Buried in the news the last few weeks have been a series of stories about the rising price of food. It's not just the inflationary spiral that seems to be gripping the US right now - we're not talking about purple gourmet tomatoes down at the local Whole Foods or Fotex. The price increases are hitting basic grains & cereals like rice and wheat, which are now getting too expensive for the world's very poor to afford to eat.
The result is more widespread hunger across the developing world and less ability for US-based NGOs to deliver aid to these people (the falling dollar and rising costs of food and fuel means that a finite foreign aid budget can deliver less and less to the people who need it).
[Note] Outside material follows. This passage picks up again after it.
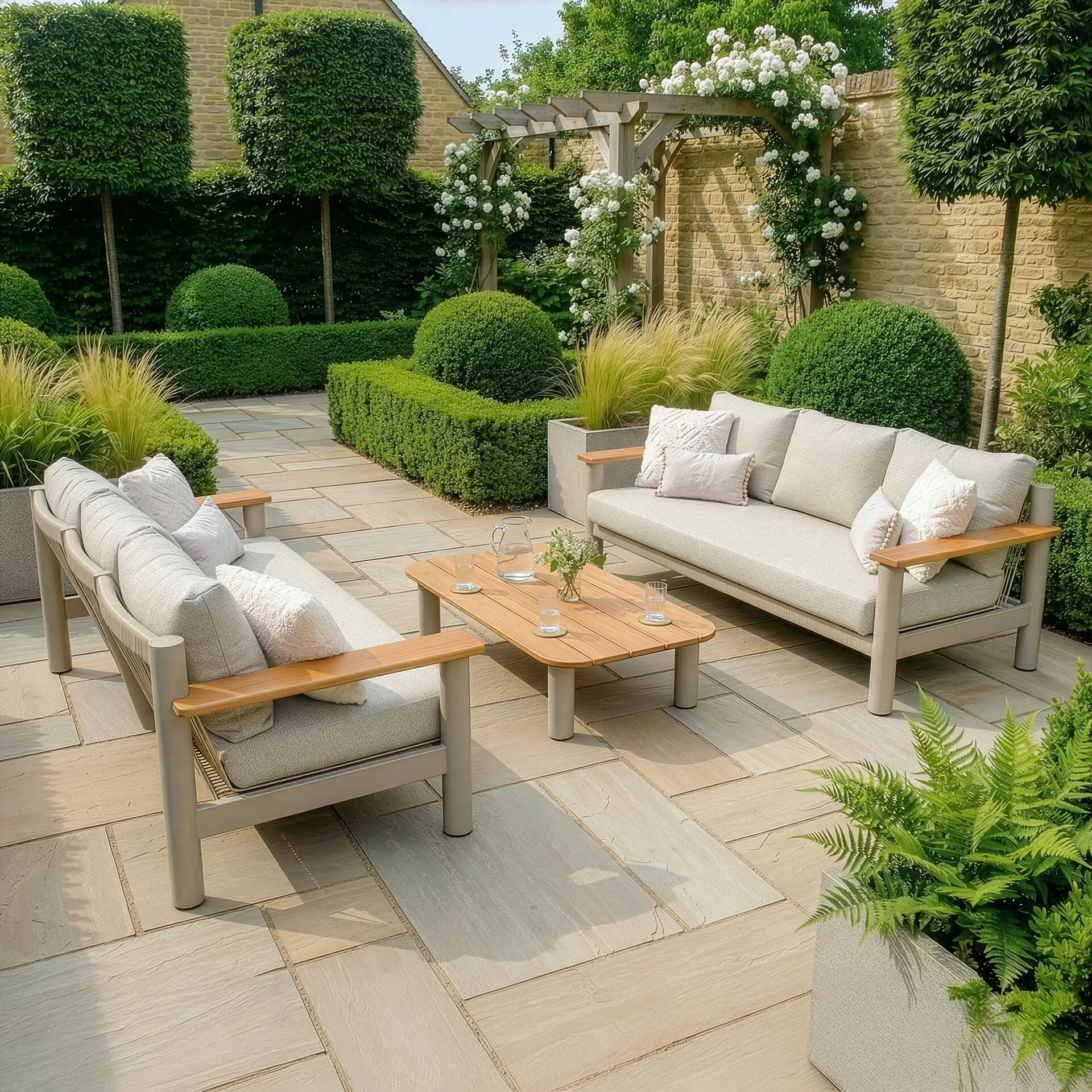 Expertly crafted, the set combines solid, natural FSC-certified teak wood with a powder-coated aluminium frame, creating a harmonious balance of warmth and strength that feels both timeless and enduring. The spacious three-seat sofa features an intricate polyester rope weave, offering a sleek, modern aesthetic and exceptional support. Plush polyester cushions enhance the experience with superior comfort, while their shower-resistant and stain-resistant properties ensure effortless maintenance and long-lasting beauty.

More hunger around the world is bad enough, but I think this price spike is a leading indicator of something much worse. Price indicates scarcity. So if the most basic foodstuffs are rising sharply in price, it means the world as a whole is having a harder time meeting the needs of the planet's exploding population. Very scary indeed.
There are a few mitigating factors. The world's farms are still not yet producing at full capacity, though the spare capacity is much less than it used to be in the 90s. Even more importantly, rising living standards in parts of the developing world (such as China, India, Indonesia, Malaysia) mean that more people can afford a meat diet than ever before, and raising livestock for meat is incredibly wasteful of grain, compared to feeding that grain directly to people. And growing demand for ethanol and biodiesel is - insanely - pulling corn and other grains out of the global food pool in order to burn it as fuel. Finally, part of the increase of food cost is caused by the rising price of oil, which increases the price of fertilizer and transport.
We can keep going for a while yet. We can farm more intensively, using genetically modified crops to increase yield. We can dramatically reduce the amount of meat consumed in the global diet (some of us in the developed West are already pretty far along this path), and eventually, we can drop ethanol for some real energy alternatives like hydrogen power.
We do have some options to buy us a little more time. But the disaster is still there, waiting for us. If agricultural efficiency had remained at 1950 levels, we'd have had global starvation a long time ago. How much longer can we continue to increase production and delay the inevitable? Quite a while, maybe. If we're smart.
But not forever. You'll remember this. This is how it begins.